---- MATERIAL FOR THIS EXERCISE

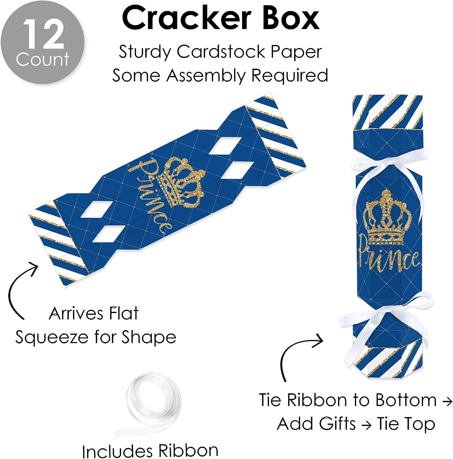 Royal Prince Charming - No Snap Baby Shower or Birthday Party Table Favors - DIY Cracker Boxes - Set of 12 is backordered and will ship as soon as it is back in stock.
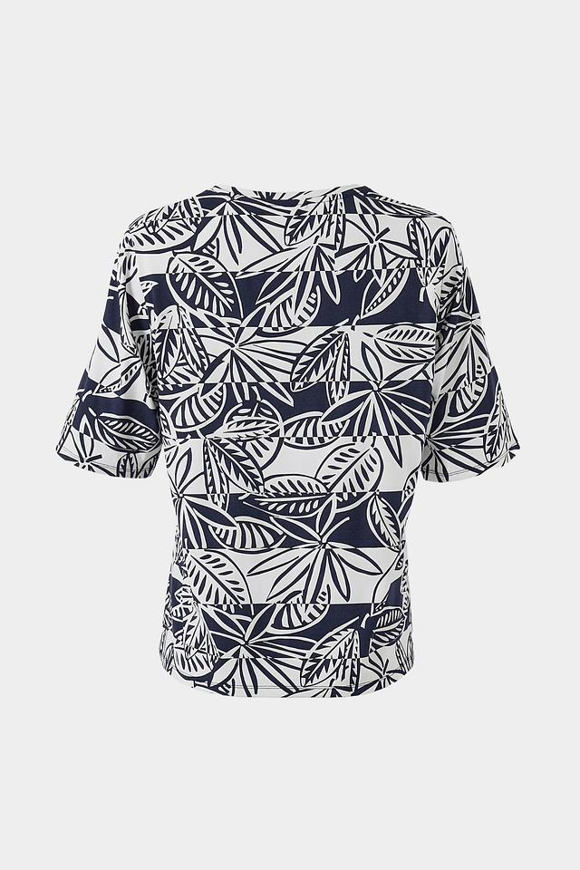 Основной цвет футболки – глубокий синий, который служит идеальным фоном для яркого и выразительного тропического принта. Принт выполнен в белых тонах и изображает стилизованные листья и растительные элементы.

--------
---- MATERIAL FOR THIS EXERCISE

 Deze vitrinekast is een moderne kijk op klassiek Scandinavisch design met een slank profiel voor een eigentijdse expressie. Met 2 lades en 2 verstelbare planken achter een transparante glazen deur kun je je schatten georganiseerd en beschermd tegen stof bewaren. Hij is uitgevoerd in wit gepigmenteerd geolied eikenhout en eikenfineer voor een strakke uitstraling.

--------
---- MATERIAL FOR THIS EXERCISE

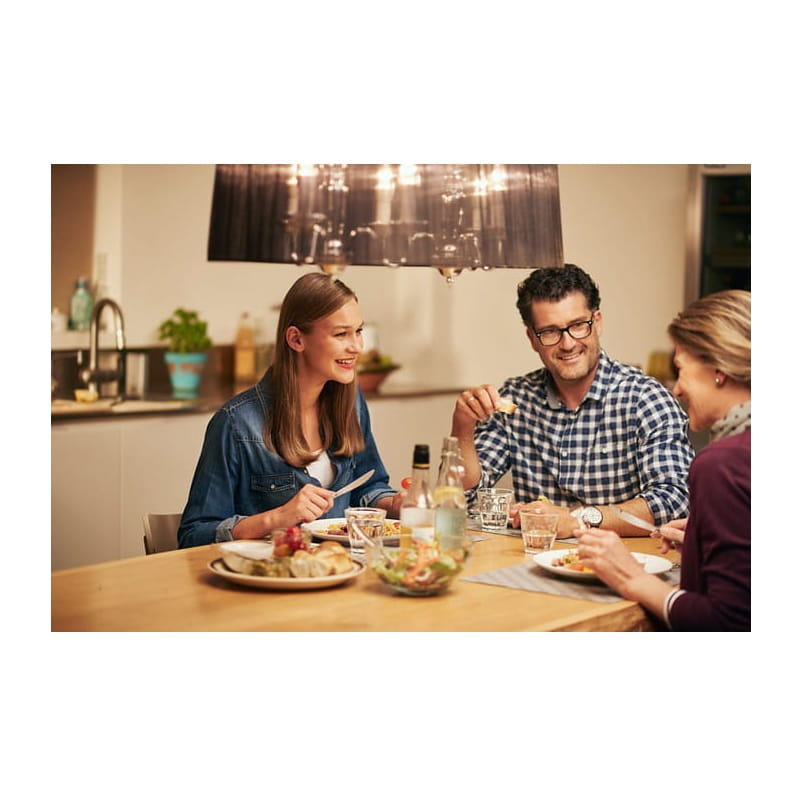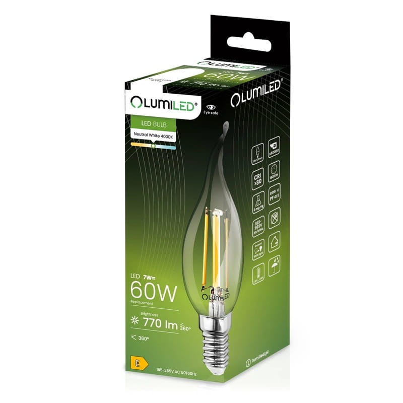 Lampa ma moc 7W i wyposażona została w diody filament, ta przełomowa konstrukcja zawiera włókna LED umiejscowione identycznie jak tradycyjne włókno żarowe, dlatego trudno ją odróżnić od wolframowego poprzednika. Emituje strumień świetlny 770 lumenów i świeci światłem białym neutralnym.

--------

In the records above, find the line with "Royal Prince Charming" and the line with "Основной цвет футболки"; please transcribe exactly those two lines and all lines between them, omitting any picture.

 Royal Prince Charming - No Snap Baby Shower or Birthday Party Table Favors - DIY Cracker Boxes - Set of 12 is backordered and will ship as soon as it is back in stock.
 Основной цвет футболки – глубокий синий, который служит идеальным фоном для яркого и выразительного тропического принта. Принт выполнен в белых тонах и изображает стилизованные листья и растительные элементы.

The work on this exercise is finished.